Friday, April 20, 2012

Right place at the wrong time

Bugger. The kids had dental appointments this morning so by the time I got to parliament it was 11am. The 'Closed to the Public ' sign was out and there were people milling about outside the room. I waited, thinking it was a repeat of yesterday when the room was cleared of the public for around 40 minutes. After about 15 minutes the doors were opened and those outside invited in. I trailed in after  seven or eight other bods and sat down in the back row. The chair starts to speak saying that all the oral submissions had been heard, and the committee would be moving on....Typically I stopped listening, thinking about the implications of the oral submissions being finished. Perhaps they were going to look at written submissions, I don't know. But it quickly became evident that they were onto committee business and it became uncomfortably obvious that I was persona non gratis, a member of the public. Oooops. I was hurriedly ushered out. So no report from me today. I mentioned to the person firmly guiding me out that the parliamentary website details had indicated the hearings were open to the public from 10 - 4 on both days, and that I hadn't been there before 11, so didn't know the submissions had finished. She said they had changed the website details. When I check now there are no details at all.

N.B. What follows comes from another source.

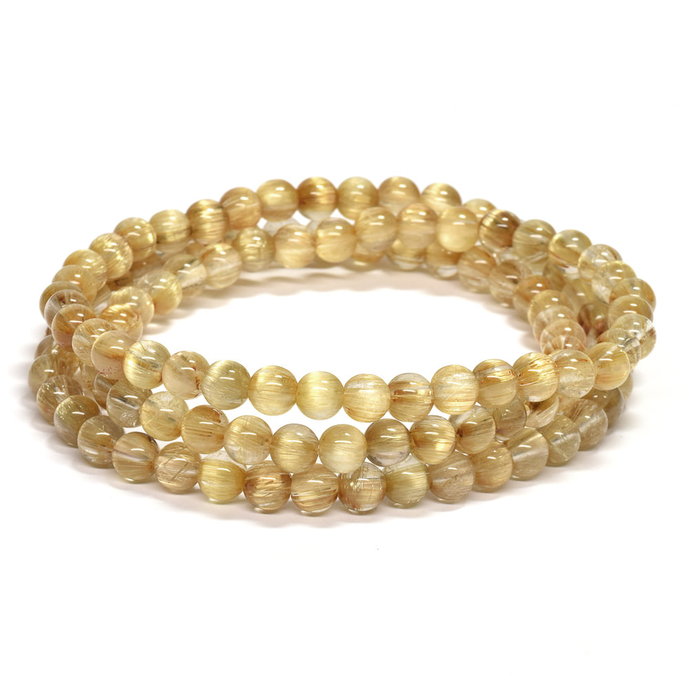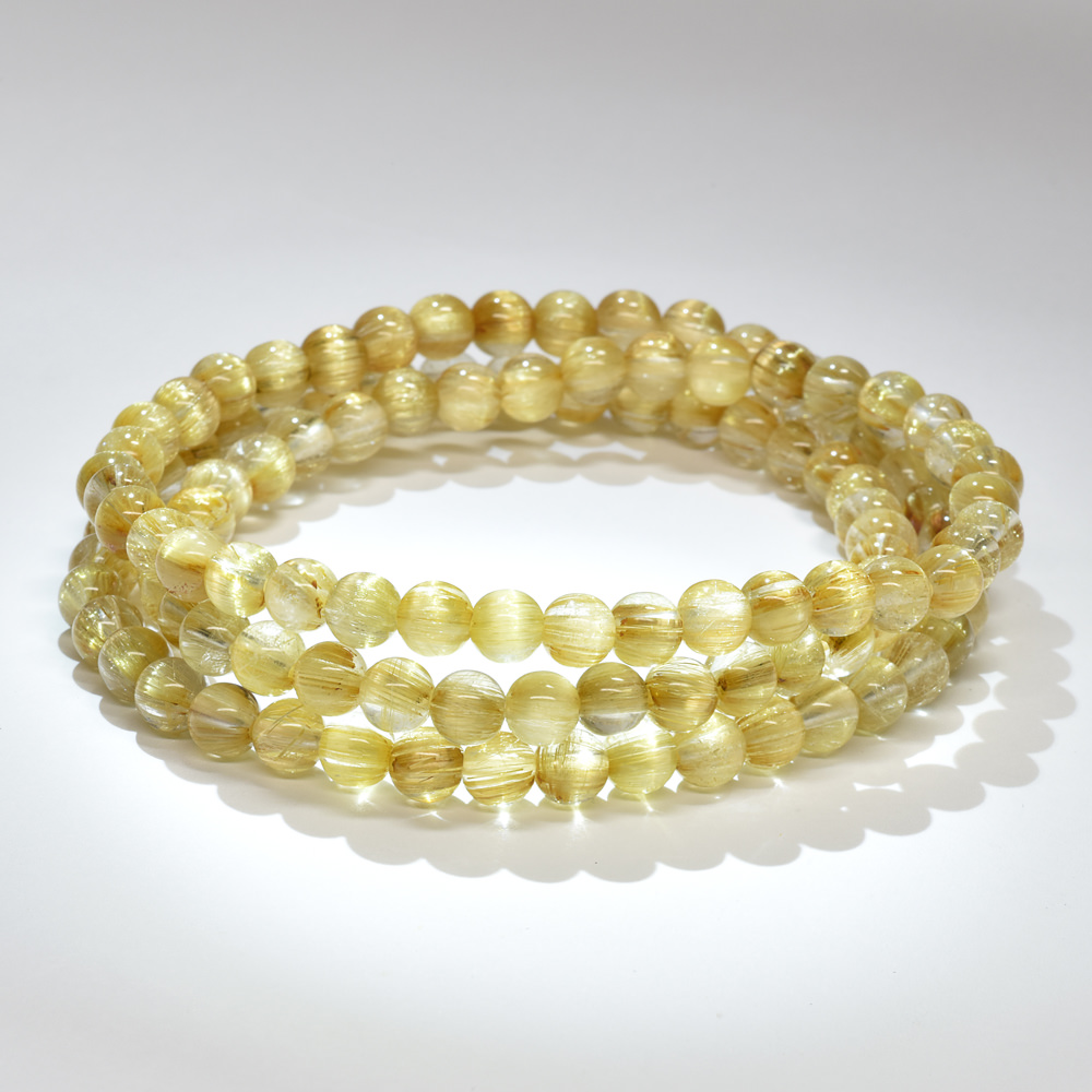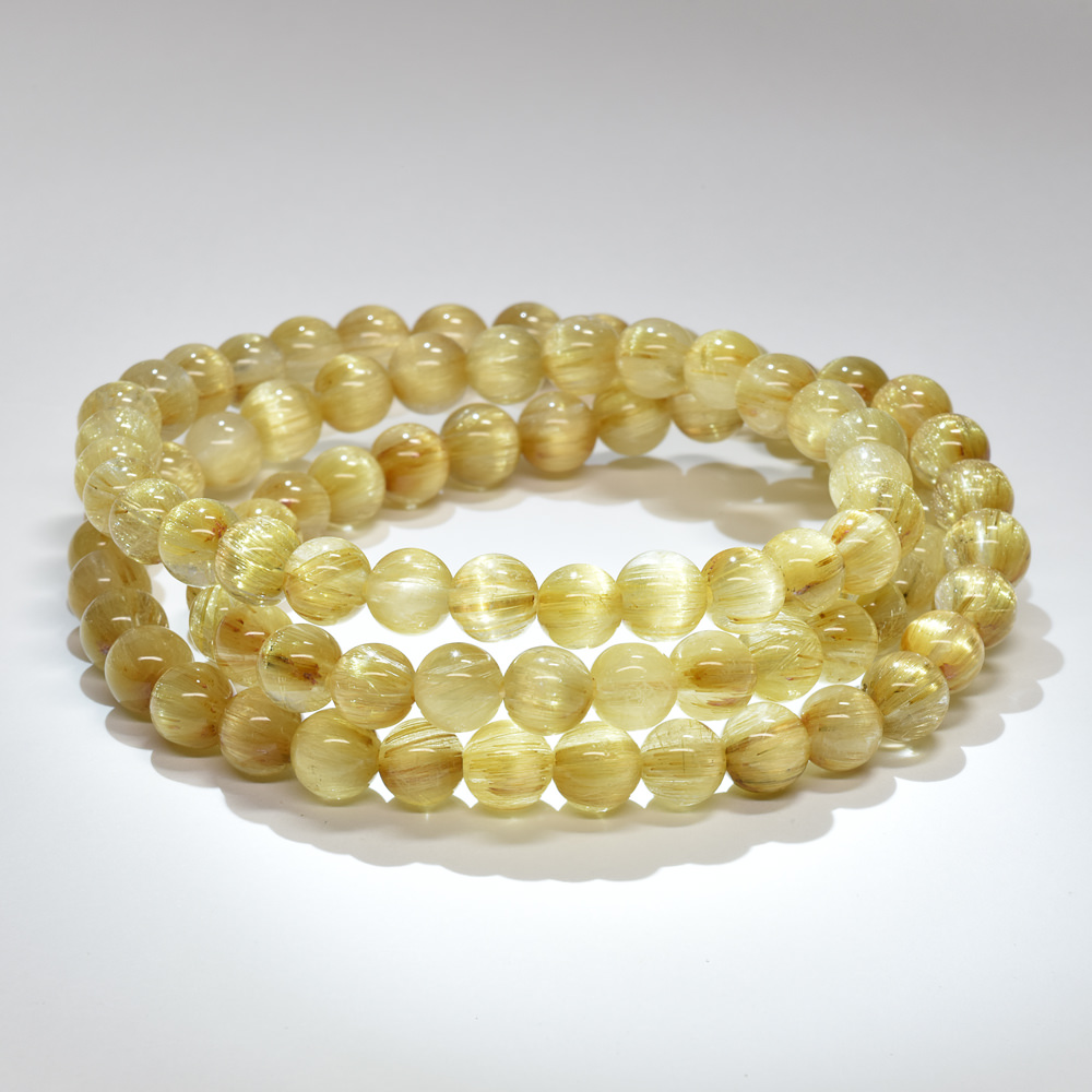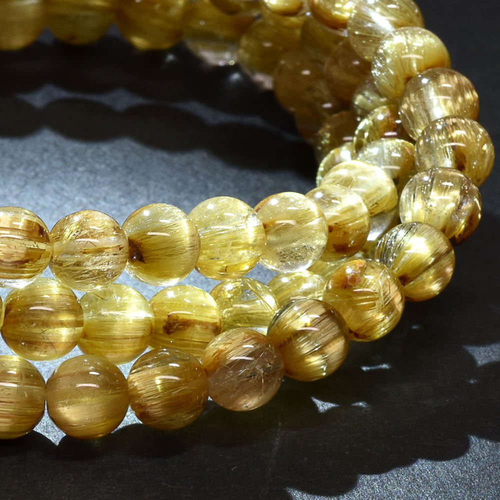 眩い黄金の光を放つゴールドルチルクォーツ三連ブレスレットです。

But here's the thing. They scheduled two days and only needed one and a bit. So the rapidity of the process opposition member and submitters were vociferously complaining about had an effect.  Apparently the Green MP moved that the submission period should be re-opened and extended but was outvoted by one vote.

Here's a report regarding the  submitters I missed:

Proposed new welfare laws run the risk of discrimination, a parliamentary committee has been told. The Human Rights Commission says there's insufficient evidence to justify imposing compulsory budget management on young beneficiaries.

Under the Social Security (Youth Support and Work Focus) Bill benefit payments can be made through cards that can only be used for accommodation and food, with a small cash-in-hand allowance.

Chief Human Rights Commissioner David Rutherford told the social services select committee on Friday "the evil of discrimination" had to be avoided unless it could be justified and he didn't think in this case that it was.

Deputy Children's Commissioner Jo Cribb said in her submission there must be monitoring to assess the impact of the proposed new welfare regime on young mothers and children.
The bill delivers payments for childcare while it imposes new work obligations on sole parents.

Ms Cribb said it was essential for childcare to be high quality and accessible - particularly for young mothers in remote areas.

  Seems to me that laws discriminate against young people canstantly. I don't have to list the ways. As regards young mothers in "remote areas", the Jobs Op policy Labour ran which made unemployed people ineligible for the dole if they moved to areas where there were no jobs should apply to anyone being work-tested.